━━━ Exercise data

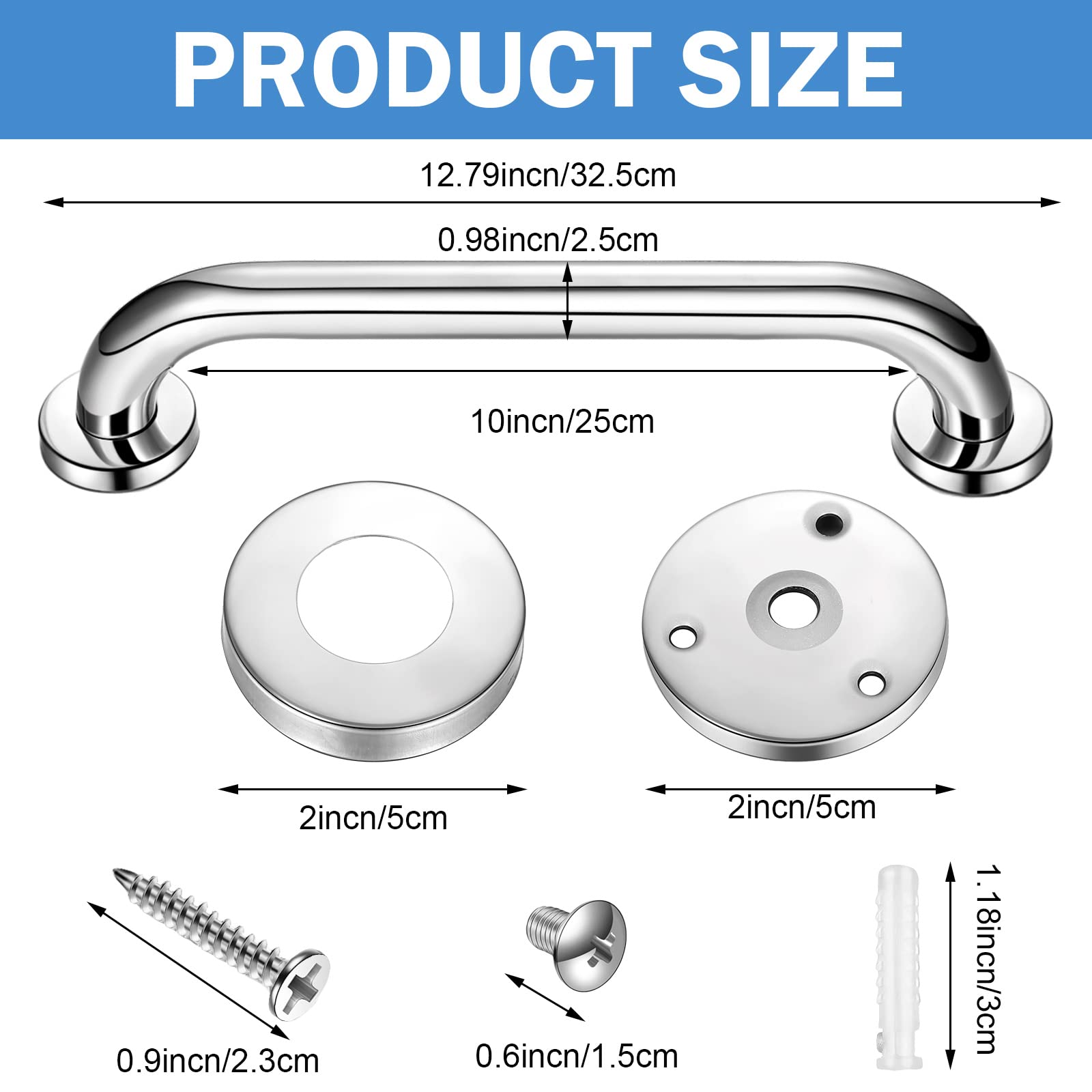 Adequate Package: you will get 6 pcs grab bars for bathtubs and showers, the total length is about 12.79 inches/ 32.5 cm, the tube length is about 12 inches/ 30 cm, and the diameter is about 0.98 inches/ 2.5 cm, comfortable to hold and sufficient for daily uses
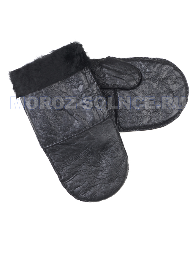 Черные варежки с подчеркнутой структурой натуральной кожи.
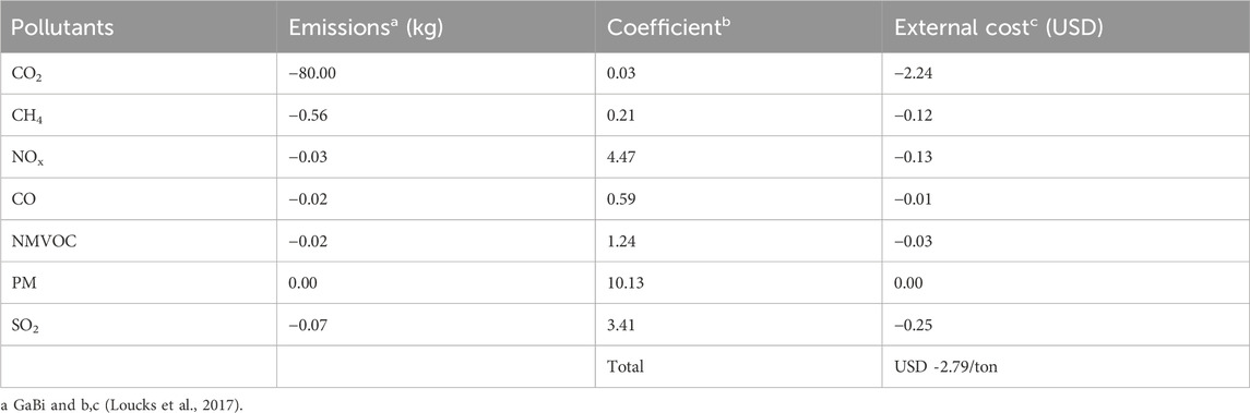 Therefore, during various phases of the life cycle process, the external cost signifies direct and indirect emissions into the environment. These emissions were calculated by multiplying the emission rate by a specific coefficient derived by Pa et al. (2013), as defined in Equation 2.
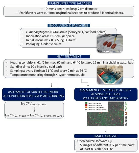Arvaniti, M.; Vlachou, E.; Kourteli, M.; Kapetanakou, A.E.; Skandamis, P.N. Monitoring Sublethal Injury in Listeria monocytogenes During Heat Treatment of Pork Frankfurter-Type Sausages: A Single-Cell vs. Population Level Approach. Foods 2025, 14, 3144. https://doi.org/10.3390/foods14173144

━━━━━━

• Assigned task:
What is needed is an exact retyping of the lines from the start of the data through the line with "Черные варежки с", with both end lines kept and every picture left out.

• Answer to this task:
 Adequate Package: you will get 6 pcs grab bars for bathtubs and showers, the total length is about 12.79 inches/ 32.5 cm, the tube length is about 12 inches/ 30 cm, and the diameter is about 0.98 inches/ 2.5 cm, comfortable to hold and sufficient for daily uses
 Черные варежки с подчеркнутой структурой натуральной кожи.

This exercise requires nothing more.